Francisco Luis Beltrán González
Profesor de Primaria
CEIP Francisca Romero
Sevilla
1969
No sucede todos los años, no hay un orden ni aviso que nos permita prepararnos. Tampoco es que, llegado el caso, supiéramos cómo hacerlo.
Sucede en Semana Santa. Casi siempre cuando el sol se está ocultando tras las espigas de la catedral y los colores de las fachadas regionalistas se evaporan en un naranja oscuro. Cuando los nazarenos arrastran sus túnicas por el aire de Sevilla enroscados en incienso y azahar. Cuando sus capirotes proyectan cipreses infinitos en las piedras gastadas de las calles. Sucede en Sevilla y sucede en Semana Santa.
Puedes estar viendo la Hiniesta, San Esteban, las Cigarreras. No importa, porque ya no. Las túnicas blancas, azules y moradas dejan paso a filas de nazarenos negros. Negro el antifaz, negra la capa, negra la túnica. Dos hileras de nazarenos negros caminan en silencio entre las calles blancas. No tienen escudo bordado, nadie sabe el nombre de la hermandad, pero todos la reconocen al instante, incluso aquellos que no han oído hablar de ella sino en sueños. Nadie sabe a dónde van, o de dónde vienen. Solo que están ahí.
Las calles, atestadas de gente enmudecen. Únicamente el roce de las túnicas y la caricia de las alpargatas (pues es caricia que no pisada) con el suelo. La llama de cada uno de los cirios brilla casi sin luz, una débil llama sobre el pábilo negro. Algunos miran fijamente esa luz retorciéndose dócilmente, otros ven un fuego brillante y alto. Nadie dice qué ve dentro de la llama.
A veces, muy pocas veces, algún niño se acerca a un nazareno y levanta una bola de cera más grande que su mano. Si los padres están cerca lo apartan y le aprietan el brazo. ¿Por qué? Porque no, contestan sin mucha seguridad. Alguna vez el niño se ha escurrido del brazo de su padre, alguna vez ha tocado con sus dedos la tela suave, alguna vez han levantado la mano, la cabeza y toda la primavera de sus ojos, alguna vez han dicho ¿me echas cera, por favor? Y alguna vez el nazareno ha bajado la cabeza, el capirote se ha balanceado igual que un ciprés una tarde de viento, y ha mirado directamente al niño. Con los ojos de cristal ahumado escondidos detrás del antifaz, no tan diferentes a los de aquel niño. El niño baja la bola de cera, vuelve junto a su madre, la agarra de la mano y crece.
El viento arrastra un murmullo que se escurre entre la gente. Los nazarenos caminan silenciosos y tras de ellos aparece un paso apartando el aire con la crestería de madera. Como un elefante de cien piernas blancas paseando solo. Sobre él un Cristo carga su cruz. Su Santa Cruz sobre el hombro izquierdo. Derrumbado al suelo sujeta la cruz con la mano izquierda, con la derecha se apoya en un suelo de tierra, no de lirios, no de claveles, no de rosas; de tierra. Extenuado, intentando levantarse. Los músculos palpitan, el sudor le resbala por la frente amplia uniéndose a la Sangre que escapa por las heridas de la corona de espinas. Las manos le tiemblan sobre el madero, casi le clava las uñas para aferrarse mejor. A su alrededor la gente baja la cabeza, mira al suelo, se callan y se hunden.
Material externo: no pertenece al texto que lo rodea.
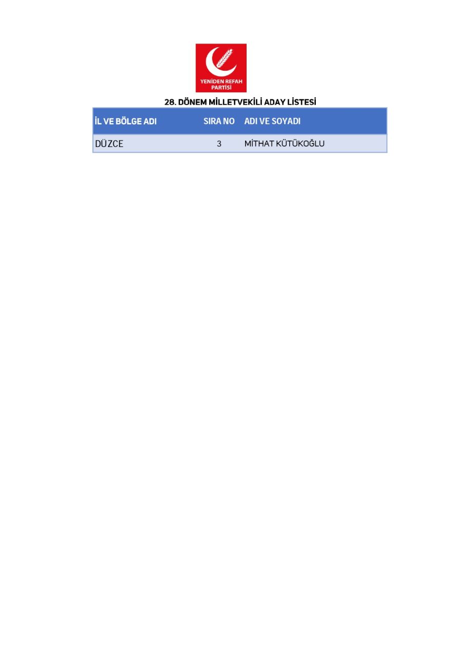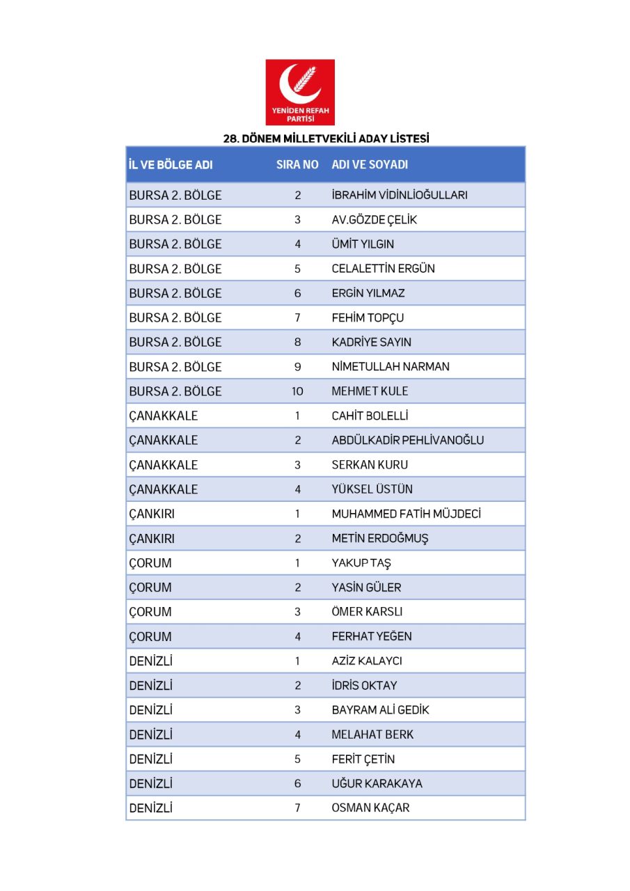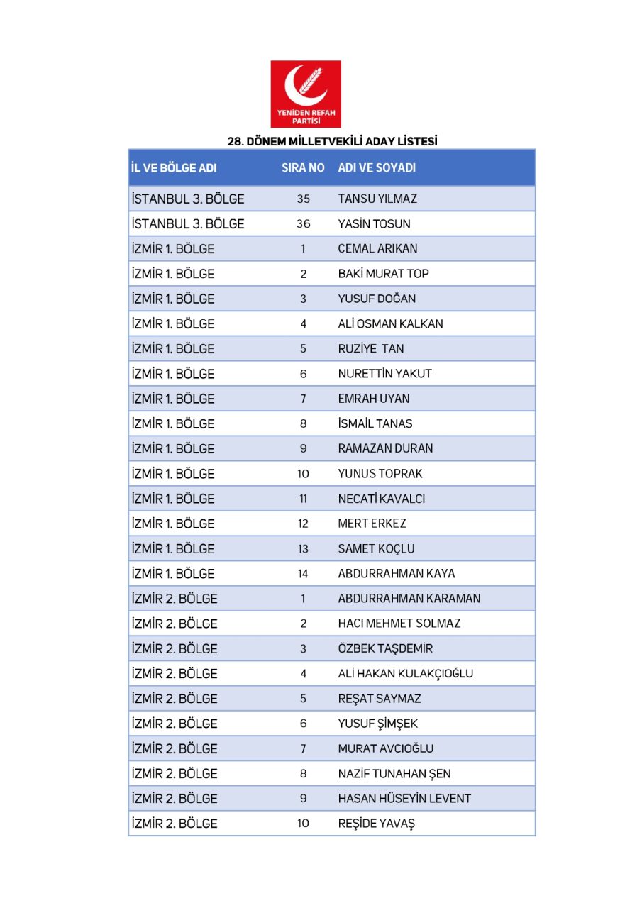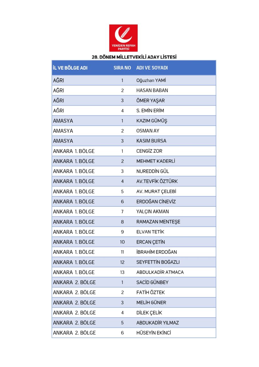 İşte Yeniden Refah Partisi'nin milletvekili adayları:

La noche revienta en el cielo, la luna alarga las sombras tenues, las nubes desvelan estrellas lejanas y en una calle parece despertar de un pequeño sueño, se escuchan pasos, conversaciones poco a poco más triviales, casi a la defensiva y la calle se queda vacía. Se convierte de nuevo en una calle; la gente la atraviesa con más o menos prisa, entra y sale de sus casas, habla y ríe y caminan dándole patadas distraídas a una bola de cera que a cada vuelta se desmorona más.